National Aerospace Science & Technology Park
- Abbreviation: NASTP
- Formation: 4 August 2023
- Founder: Pakistan Air Force
- Founded at: PAF Base Nur Khan, Rawalpindi, Pakistan
- Type: Aerospace and Cyberspace
- Headquarters: Kamra, Punjab
- Location(s): Rawalpindi, Punjab Lahore, Punjab Kharian, Punjab Karachi, Sindh ;
- Region served: Pakistan
- Deputy President: Air-Mshl. Kashif Qamar
- Key people: Shehbaz Sharif (Founder) Chief of the Air Staff (As its president)
- Website: nastp.gov.pk

= National Aerospace Science & Technology Park =

Pakistani Aerospace Industrial Cluster

The National Aerospace Science & Technology Park (NASTP) is a Pakistani aerospace and cyberspace technology park established by the Pakistan Air Force. Its primary objective is to enhance Pakistan's capabilities in the aerospace industry by establishing aerospace-based supercomputer clusters and innovation hubs throughout the country. NASTP aims to create an ecosystem that fosters design, research, development, and innovation, including the aviation, space, IT, and cyber sectors.

==History==
Prime Minister Shehbaz Sharif inaugurated the Park at the Pakistan Air Force's Base Nur Khan in Rawalpindi on 4 August 2023. At the inaugural event, Field Marshal Asim Munir, the Chief of Army Staff (COAS), described NASTP as "a project of national and strategic significance" that would "spur technological progress and foster self-reliance".

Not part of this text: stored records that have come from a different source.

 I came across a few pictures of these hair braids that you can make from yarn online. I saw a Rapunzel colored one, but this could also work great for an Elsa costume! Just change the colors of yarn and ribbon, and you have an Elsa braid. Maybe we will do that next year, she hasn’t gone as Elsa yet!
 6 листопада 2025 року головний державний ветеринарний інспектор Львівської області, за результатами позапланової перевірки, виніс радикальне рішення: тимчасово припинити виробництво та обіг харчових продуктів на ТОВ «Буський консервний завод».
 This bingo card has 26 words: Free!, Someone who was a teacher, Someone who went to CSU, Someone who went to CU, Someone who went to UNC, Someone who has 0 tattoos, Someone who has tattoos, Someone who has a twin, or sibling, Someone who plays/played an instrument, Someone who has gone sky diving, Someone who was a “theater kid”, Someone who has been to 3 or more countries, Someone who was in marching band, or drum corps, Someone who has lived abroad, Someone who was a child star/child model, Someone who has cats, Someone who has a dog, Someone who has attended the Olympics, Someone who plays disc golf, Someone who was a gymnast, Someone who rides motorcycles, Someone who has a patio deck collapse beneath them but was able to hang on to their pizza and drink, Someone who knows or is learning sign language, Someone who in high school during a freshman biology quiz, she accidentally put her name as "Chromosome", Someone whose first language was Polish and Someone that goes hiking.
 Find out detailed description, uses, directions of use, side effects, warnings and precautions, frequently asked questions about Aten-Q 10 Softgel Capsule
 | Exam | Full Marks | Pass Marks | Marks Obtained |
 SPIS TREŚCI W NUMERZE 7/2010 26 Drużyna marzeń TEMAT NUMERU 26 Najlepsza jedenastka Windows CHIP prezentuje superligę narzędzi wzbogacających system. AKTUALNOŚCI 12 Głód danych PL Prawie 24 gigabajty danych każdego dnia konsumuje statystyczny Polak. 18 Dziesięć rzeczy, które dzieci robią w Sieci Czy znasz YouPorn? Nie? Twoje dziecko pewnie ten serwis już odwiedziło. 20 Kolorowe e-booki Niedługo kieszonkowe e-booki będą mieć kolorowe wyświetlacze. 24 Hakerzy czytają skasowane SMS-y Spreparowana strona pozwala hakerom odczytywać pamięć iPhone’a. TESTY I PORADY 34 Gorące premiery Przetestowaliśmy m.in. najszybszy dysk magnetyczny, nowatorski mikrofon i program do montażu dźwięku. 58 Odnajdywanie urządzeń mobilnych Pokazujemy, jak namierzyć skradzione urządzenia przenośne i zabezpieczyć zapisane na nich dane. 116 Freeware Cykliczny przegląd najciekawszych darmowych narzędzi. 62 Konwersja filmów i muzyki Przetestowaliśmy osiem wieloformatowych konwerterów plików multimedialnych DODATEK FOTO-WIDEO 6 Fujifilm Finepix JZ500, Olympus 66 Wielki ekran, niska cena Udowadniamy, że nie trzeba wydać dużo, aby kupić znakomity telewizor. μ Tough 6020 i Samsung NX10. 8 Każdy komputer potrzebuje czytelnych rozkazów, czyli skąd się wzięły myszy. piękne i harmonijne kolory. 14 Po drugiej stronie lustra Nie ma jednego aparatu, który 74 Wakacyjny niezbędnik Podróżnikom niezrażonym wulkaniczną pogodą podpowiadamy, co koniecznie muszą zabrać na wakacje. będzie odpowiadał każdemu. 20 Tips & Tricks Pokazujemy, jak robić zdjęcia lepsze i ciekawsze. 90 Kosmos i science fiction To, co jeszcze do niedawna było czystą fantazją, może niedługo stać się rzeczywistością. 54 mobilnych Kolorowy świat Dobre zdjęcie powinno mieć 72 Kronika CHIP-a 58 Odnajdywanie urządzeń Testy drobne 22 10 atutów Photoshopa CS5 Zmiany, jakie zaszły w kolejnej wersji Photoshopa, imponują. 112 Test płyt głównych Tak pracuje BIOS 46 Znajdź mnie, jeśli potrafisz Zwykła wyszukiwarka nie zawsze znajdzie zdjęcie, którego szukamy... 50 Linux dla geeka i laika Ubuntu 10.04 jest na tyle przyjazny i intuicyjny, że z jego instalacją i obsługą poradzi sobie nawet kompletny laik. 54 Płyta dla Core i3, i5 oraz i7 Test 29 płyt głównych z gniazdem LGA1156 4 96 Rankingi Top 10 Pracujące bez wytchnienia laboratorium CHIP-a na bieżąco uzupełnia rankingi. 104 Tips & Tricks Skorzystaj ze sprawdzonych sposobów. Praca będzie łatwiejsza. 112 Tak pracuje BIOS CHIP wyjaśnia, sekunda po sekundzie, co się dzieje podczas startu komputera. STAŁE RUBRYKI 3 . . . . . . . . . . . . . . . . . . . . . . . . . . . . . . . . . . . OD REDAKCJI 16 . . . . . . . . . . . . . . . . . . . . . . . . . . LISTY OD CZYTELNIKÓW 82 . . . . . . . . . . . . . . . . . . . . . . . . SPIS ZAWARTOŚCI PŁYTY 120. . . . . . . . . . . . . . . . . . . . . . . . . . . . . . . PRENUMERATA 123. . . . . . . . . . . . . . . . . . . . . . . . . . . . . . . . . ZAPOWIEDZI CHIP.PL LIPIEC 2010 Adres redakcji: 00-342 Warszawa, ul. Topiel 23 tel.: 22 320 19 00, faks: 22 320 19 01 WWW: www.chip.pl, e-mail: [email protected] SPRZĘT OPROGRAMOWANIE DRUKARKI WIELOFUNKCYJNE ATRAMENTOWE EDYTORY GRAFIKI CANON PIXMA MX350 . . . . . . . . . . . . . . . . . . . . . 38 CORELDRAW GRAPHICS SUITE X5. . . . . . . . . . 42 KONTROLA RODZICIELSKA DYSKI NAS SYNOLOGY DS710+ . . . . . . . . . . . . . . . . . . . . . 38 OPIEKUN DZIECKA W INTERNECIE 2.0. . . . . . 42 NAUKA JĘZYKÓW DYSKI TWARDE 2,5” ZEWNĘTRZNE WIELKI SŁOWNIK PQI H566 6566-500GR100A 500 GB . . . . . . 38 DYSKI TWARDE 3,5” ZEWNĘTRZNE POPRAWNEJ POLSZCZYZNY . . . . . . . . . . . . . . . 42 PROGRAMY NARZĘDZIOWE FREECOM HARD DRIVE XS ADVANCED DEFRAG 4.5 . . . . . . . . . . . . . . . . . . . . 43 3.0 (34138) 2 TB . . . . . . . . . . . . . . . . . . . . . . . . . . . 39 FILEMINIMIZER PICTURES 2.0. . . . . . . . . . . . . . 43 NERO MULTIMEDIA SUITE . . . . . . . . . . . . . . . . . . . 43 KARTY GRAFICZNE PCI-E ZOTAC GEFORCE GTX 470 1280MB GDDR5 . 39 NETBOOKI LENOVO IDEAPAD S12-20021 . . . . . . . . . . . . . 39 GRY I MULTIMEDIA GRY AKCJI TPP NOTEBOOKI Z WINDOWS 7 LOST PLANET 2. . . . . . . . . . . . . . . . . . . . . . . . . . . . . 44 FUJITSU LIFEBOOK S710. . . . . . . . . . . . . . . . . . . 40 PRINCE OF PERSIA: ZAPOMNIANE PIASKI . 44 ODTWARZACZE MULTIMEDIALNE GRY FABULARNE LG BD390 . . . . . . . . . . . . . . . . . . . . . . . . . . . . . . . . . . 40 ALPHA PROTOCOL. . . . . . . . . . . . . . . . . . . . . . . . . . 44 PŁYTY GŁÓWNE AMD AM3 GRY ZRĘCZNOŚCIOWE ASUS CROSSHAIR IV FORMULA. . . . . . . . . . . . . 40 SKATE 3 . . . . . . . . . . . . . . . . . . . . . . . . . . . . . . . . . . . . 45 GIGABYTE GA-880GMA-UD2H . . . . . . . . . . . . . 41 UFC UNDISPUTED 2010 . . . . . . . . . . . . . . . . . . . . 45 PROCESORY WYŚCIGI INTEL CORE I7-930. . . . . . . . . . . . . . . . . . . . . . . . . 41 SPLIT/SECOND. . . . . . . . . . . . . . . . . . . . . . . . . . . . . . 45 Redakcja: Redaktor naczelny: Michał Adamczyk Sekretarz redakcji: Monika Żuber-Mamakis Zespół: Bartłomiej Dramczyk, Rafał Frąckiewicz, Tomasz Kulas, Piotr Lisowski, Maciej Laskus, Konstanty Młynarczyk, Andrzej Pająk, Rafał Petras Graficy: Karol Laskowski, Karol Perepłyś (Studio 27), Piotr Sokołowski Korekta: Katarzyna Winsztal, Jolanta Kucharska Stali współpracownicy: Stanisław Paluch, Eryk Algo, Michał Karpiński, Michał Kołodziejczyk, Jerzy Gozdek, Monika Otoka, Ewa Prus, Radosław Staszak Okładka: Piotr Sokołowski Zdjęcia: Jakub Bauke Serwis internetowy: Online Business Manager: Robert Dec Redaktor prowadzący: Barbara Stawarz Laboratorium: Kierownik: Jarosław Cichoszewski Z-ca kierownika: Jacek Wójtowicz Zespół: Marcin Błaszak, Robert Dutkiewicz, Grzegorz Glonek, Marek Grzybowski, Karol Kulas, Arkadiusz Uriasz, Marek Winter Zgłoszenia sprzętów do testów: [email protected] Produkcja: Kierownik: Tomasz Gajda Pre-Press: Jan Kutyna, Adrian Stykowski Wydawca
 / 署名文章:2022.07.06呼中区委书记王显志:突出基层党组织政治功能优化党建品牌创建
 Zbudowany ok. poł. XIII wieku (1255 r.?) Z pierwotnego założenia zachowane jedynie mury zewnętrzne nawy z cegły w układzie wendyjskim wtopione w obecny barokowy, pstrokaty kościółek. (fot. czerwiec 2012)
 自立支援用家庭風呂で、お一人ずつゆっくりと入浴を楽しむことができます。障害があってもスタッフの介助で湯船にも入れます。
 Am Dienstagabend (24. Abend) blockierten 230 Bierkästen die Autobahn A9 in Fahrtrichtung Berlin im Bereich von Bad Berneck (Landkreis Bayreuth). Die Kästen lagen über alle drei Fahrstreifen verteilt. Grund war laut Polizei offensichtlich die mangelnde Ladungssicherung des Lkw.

Turkish Aerospace Industries (TAI) established its inaugural office within the park. TAI was the first Turkish defense company to set up an office in Pakistan's inaugural technopark. Another Turkish defense company, Baykar, also opened an office in NASTP.

NASTP has developed various weapons and defense systems, such as the KaGeM V3 cruise missile, the SR-3D Radar, and the YIHA-III kamikaze drone, often in collaboration with Turkish defense companies.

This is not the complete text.